Given are two convex bodies $K, L \subset \mathbb{R}^n$ that contain the origin as an interior point. Assume the number of integer points contained in $\lambda K$ equals the number of integer points contained in $\lambda L$ for every $\lambda > 0$. Is $K$ equal to $L$ modulo unimodular transformations?
If not, in what way is $K$ similar to $L$ besides the well-known fact that they must have the same volume?
Addendum: Anton's example shows that $K$ and $L$ are not necessarily equal modulo unimodular transformations even when they are taken to be two integral polygons in the plane and Abhinav Kumar points out in the comments that in the case $K$ is a integral polytope the number of integer points inside $n K$ ($n$ a natural number) is the value of the Ehrhart polynomial of $K$ at $n$.

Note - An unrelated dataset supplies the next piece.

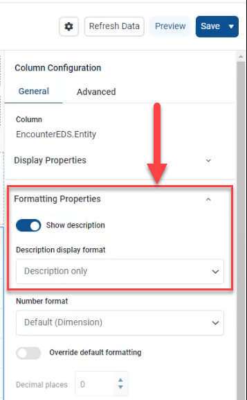 You can display the Description field when exporting reports from the report viewer to delimited files. To display description values in the export data, click the Show description toggle in the Formatting Properties area of your report's column configuration settings. You can define the format to display the description by itself or next to the Identity field.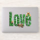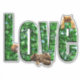 Pictured Is A Big Green Glassy Love Word With Three Fluffy Kittens.

Added 21/11/2013: For $K$ and $L$ ellipsoids this problem translates to "what can we say about isospectral flat Riemannian tori?". Therefore, by a famous remark by Milnor there exist ellipsoids $K$ and $L$ in $\mathbb{R}^{16}$ that are not unimodularly equivalent and for which the number of integer points contained in $\lambda K$ equals the number of integer points contained in $\lambda L$ for every $\lambda > 0$.